Hanns Bötticher, alias Ringelnatz, dichtete über das Liebesleben von Seepferdchen, Blindschleichen oder Hunden. Sein eigner Hund, Frau Werner, starb am 22.6.1931 - und bekam natürlich auch 'n Gedicht. Autor: Michael Skasa
Der Typ war umtriebig und nicht besonders gutbürgerlich. Schwänzte den Unterricht und ließ sich derweil tätowieren; also flog er raus in seiner Heimatstadt Wurzen an der Mulde, tief im Sachsenland. Das Abitur machte er dann auf einer Privatschule, dampfte ab zur See, vier Jahre immerhin als Matrose; schlug sich danach in drei Dutzend Berufen durchs mehr und mehr versoffne Leben, war Bibliothekar und Fremdenführer, Buchhalter und Schaufensterdekorateur, Schausteller, Werbetexter, Besitzer eines Tabakladens und - Verseklöppler.
Kabarettfähige Flöhe
Er machte sich Reime auf die kleine Welt um ihn her, auf Flöhe, auf spielende Kinder und schwankende Seemänner. Die Verse waren wie aus der Hosentasche gebröckelt, skurril, bisweilen absurd, oft derb wie die Reime aus Straßenkindermund. Das war ihr Reiz, das machte sie - wenn schon nicht gesellschafts- so doch kabarettfähig.
Meine Stellung habe ich verloren, / Weil ich meinem Chef zu hässlich bin.
Und nun habe ich ein Mädchen geboren, / Wo keinen Vater hat und kein Kinn...
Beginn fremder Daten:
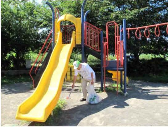
愛護会の帽子をかぶり、隅々までごみ拾い
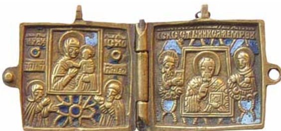
45. Абраз складаны двухстворкавы «Маці Божая Адзігітрыя з прадстаячымі прападобнымі Антоніем і Феадосіем. Свяціцель Мікола Цудатворца з Ісусам Хрыстом і Маці Божай». XIX ст.

So konnten seine Gedichte beginnen - und dann noch krasser weitergehn. Und die weintrinkenden Bürger hauten sich feixend auf die Schenkel dabei und sagten, das sei schon ’ne Type, dieser Ringelnatz, geborner Hanns Bötticher, all die kleinen Frechheiten und Ferkeleien: einfach eine Wucht.
Was ihm übern Weg lief, wurde bedichtet:
Als ich noch ein Seepferdchen war, / im vorigen Leben
da war “die zierlichste aller Seestuten“ seine Geliebte -
die wieherte nicht und äpfelte nicht -
er aber fing eine “Liebschaft mit einer Blindschleiche“ an:
Allmittags haben gemeinsam wir / Am gleichen Tisch gesessen,
Sie Regenwürmer mit zwei Tropfen Bier / Ich totere Delikatessen.
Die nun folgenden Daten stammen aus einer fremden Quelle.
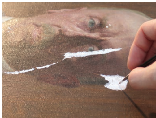
Chituire prin pensulare

Sie war so appetitlich und nett, / Sie schlief Nacht über in meinem Bett
Als wie ein kühlender Schmuckreif am Hals...
Von da zur Verehrung der Hochseekuh war’s nur ein Rösselsprung:
Die Kuh hat einen Sonnenstich / Und riecht nach Zimt und Nelken / Ohei! - Uha!
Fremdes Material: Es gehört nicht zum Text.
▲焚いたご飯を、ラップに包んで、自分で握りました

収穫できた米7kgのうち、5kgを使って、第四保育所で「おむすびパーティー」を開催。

Und unter Wasser kann sie sich / Mit ihren Hufen melken. / Ohei - Uha!
Die echten Wiesenkühe aber beneidete er um ihre „rührenden Rotzmäuler“ und die “warmen Mastbäuche“, woran “ihre Euter schwappeln und schlenkern / so hunds-glücklich gemein“, und dann träumte er von einem am ganzen Körper rasierten Igel und von einem kecken Kater, der sich mühte, rücklings die ballistische Kurve einer Rakete nachzupinkeln, und von einem Hund, dem übel wird:
Wenn ein Hündchen kotzt - / Öffentlich genau so wie zu Hause -
Sollst du mit ihm leiden, / Maulkorb ihm durchschneiden;
Denn sonst wirkt der Korb wie eine Brause.
Und dann mochte er natürlich Hunde, so nebenher, weil sie so drollig waren:
Wolleball hieß ein kleiner Hund, / Über den ein jeder lachte,
Weil er keine Beine hatte und / So viel süße Schweinereien machte.
Und sein Wolleball war gut. Er grollte / Nie. Ein einzig Mal nur biss
Er nach mir, als ich verhindern wollte, / Dass er wieder in die Hausschuh schiss.
Frau Werner hieß das Tier
Noch einen Hund hatte Ringelnatz, eine Hündin, aber allzu viel Zeit zum Treusein und Gassigehen brachte unser lungenkrank trinkfroher Dichter nicht für sie auf. Immerhin schrieb er ihr ein Toten-Gedicht für den Hundehimmel.
Frau Werner hieß das Tier (22. Juni 1931)
Mein Hund, den ich einmal an Oertners gab,
Weil sie ihn überlieb gewonnen hatten,
Den mussten sie heute bestatten. / Betteten ihn in ein Hundegrab.
Eine Terrierhündin, die vierzehn Jahr
Alt wurde und Kriegskameradin war,
Ist sanft und rührend entschlafen. / Nun weinen die Oertners, die braven.
Mich tröstet traurig: So ging’s, so geht’s.